Figure 4.2 The entry for “quirky” can contain much more than a single definition.

Let’s see how we can use Python’s dictionaries to go beyond word definitions.

4.1.1 Creating a dictionary

In the film Monty Python and the Holy Grail, King Arthur and his knights must cross The Bridge of Death. Anyone who wishes to cross must correctly answer three questions from the Keeper. Those who fail are cast into the Gorge of Eternal Peril.

Let us ride to CAMELOT.... No, sorry, let us create and use a dictionary to keep track of the questions and answers as key/value pairs. Once again, I want you to fire up your python3 or IPython REPL or Jupyter Notebook and type these out for yourself.
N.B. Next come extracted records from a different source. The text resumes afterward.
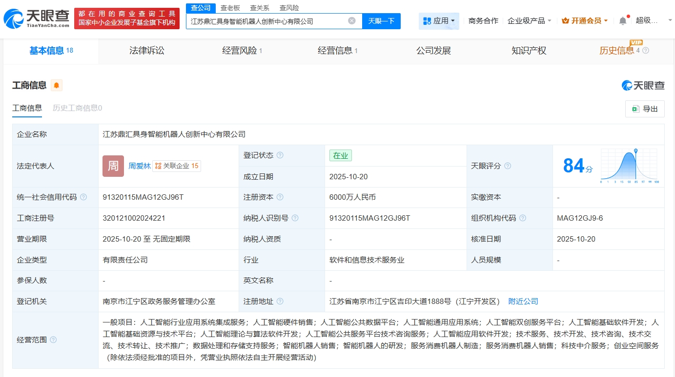 南方财经10月21日电,天眼查工商信息显示,近日,江苏鼎汇具身智能机器人创新中心有限公司成立,法定代表人为周爱林,注册资本6000万人民币,经营范围包括人工智能行业应用系统集成服务、人工智能硬件销售、人工智能公共数据平台、人工智能通用应用系统等。股东信息显示,该公司由埃斯顿(002747)、江苏亨通线缆科技有限公司、绿的谐波(688017)、安培龙(301413)、泉峰汽车(603982)等共同持股。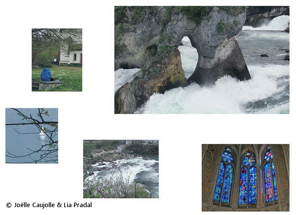À Laufen, la puissance des chutes du Rhin agit comme une force brute sur la perception. Le fracas de l’eau, sa répétition inlassable, semblent éveiller des images profondes. L’écriture se fait plus spontanée, presque automatique, comme portée par le mouvement même des éléments.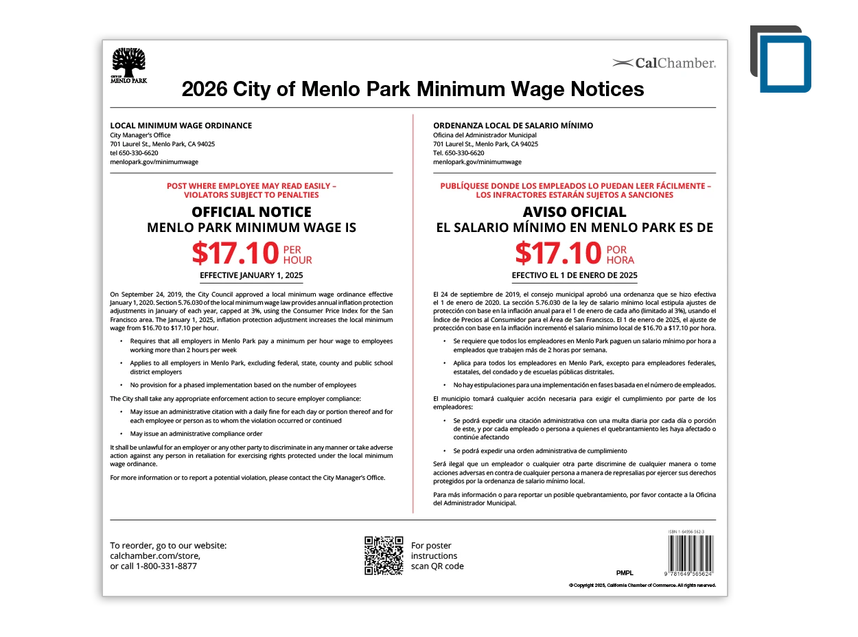 CalChamber’s 16" x 14" Menlo Park Minimum Wage poster (English and Spanish combined) contains the official City of Menlo Park Minimum Wage notice.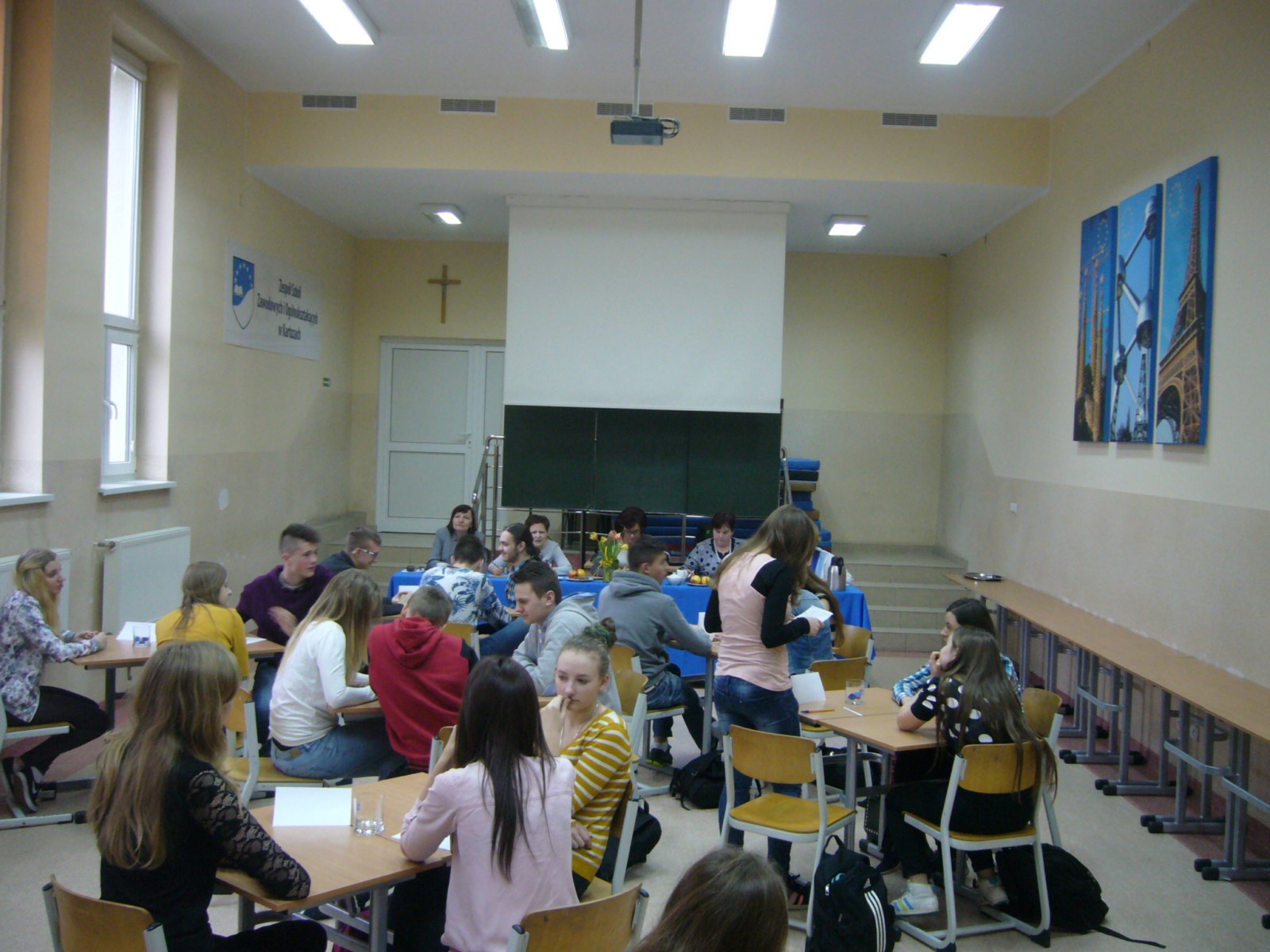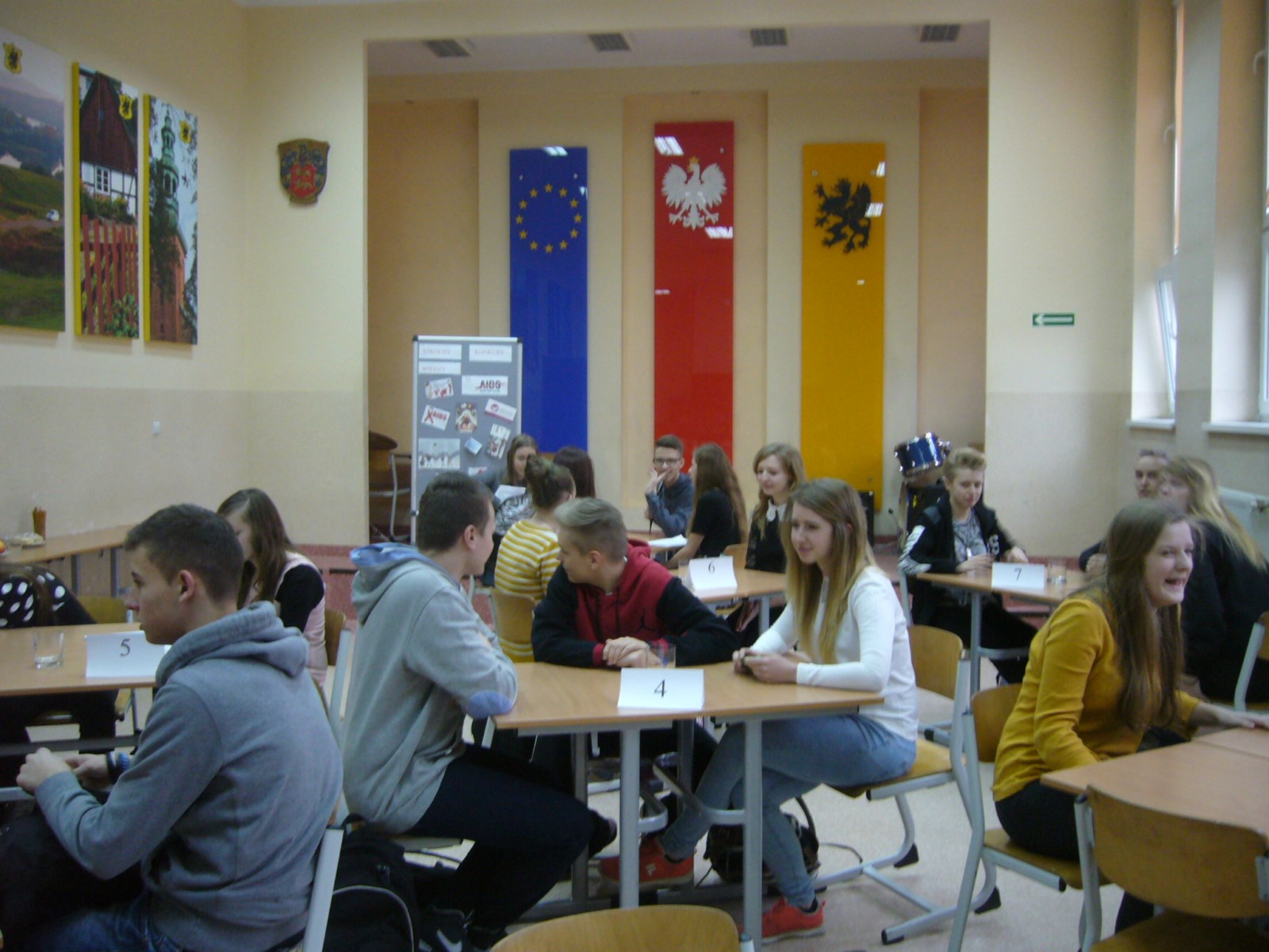 W konkursie wzięły udział 3- osobowe zespoły z klas pierwszych naszej szkoły. Każdy zespół losował po trzy pytania, które punktowane były w skali 0-2 pkt.

Lancelot goes first. We can use the dict() function to create an empty dictionary for his answers.

>>> answers = dict()

Or we can use empty curly brackets (both methods are equivalent):

>>> answers = {}

The Keeper’s first question is, “What is your name?” Lancelot answers, “My name is Sir Lancelot of Camelot.” We can add the key “name” to the answers dictionary by using square brackets ([]--not curlies!) and the literal string 'name':

>>> answers['name'] = 'Sir Lancelot'

Figure 4.3 A dictionary is printed inside curly braces. The keys are separated from the values by a colon.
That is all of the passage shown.